Concerning re-routeing of calls and abusive Internet auto-diallers, the ITU membership has agreed that measures should be taken at the international level as well as at the national level, and ITU-T has just initiated a project in this area, see TSB Circular 9 at:

http://www.itu.int/md/meetingdoc.asp?type=sitems&lang=e&parent=T05-TSB-CIR-0009

The initial step is to encourage reporting of potential misuse.
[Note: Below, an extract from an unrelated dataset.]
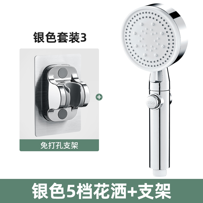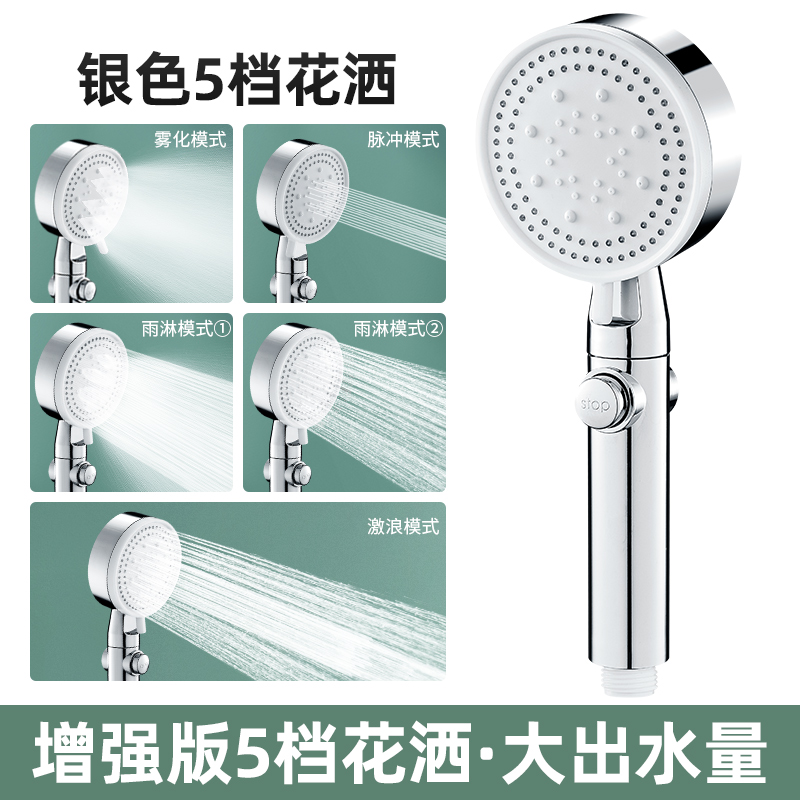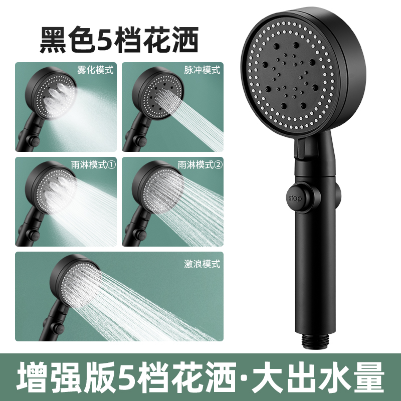 家用手持花洒 五档增压淋浴洗澡浴霸套装ABS硅胶孔烤漆莲蓬头喷头

Further work on measures to combat the misuse will follow, see WTSA Resolution 20 at:

http://www.itu.int/ITU-T/wtsa/resolutions.html

Mr Ross states that "NGN is a facist vision".  According to my dictionary, facism is "a philosophy or system of government that advocates or exercises dictatorship of the extreme right, typically through the merging of state and business leadership, together with an ideology of belligerent nationalism".  I doubt that the ITU's membership would recognize itself in that definition or agree with that characterization of the NGN project.

Best,
Richard Hill
Counsellor, ITU-T SG2 and SG4

Re: Internet to ITU: Stay Away from My Network Melinda Shore  –  Jan 17, 2005 7:06 AM PDT

I think the question here comes down to service models, in which IP was designed with an eye towards end-to-end communication, towards fate-sharing, and towards very clean (but imperfect) layering.  The traditional telephony service model relies on heavily mediated communications and signaled connection establishment.  While I can understand why someone might want to do it that way, I can't understand why they'd want to use IP as the base protocol - it's simply a terrible fit.  It's been popping out in frankly bizarro service brokerage models that are completely disconnected from the way packets are routed in IP.  They simply can't work without heavy manual configuration, or, as several ITU participants have suggested, "we'll just hack up BGP."

At any rate, I think the challenge here is how to move forward with a plausible business model that respects the internet's design principles, and to how avoid trying to hammer incompatible communication models on top of it.

As for layering, it's one thing to have a layering model and another to use it.  I think the serious layering violations in SS7 speak for themselves.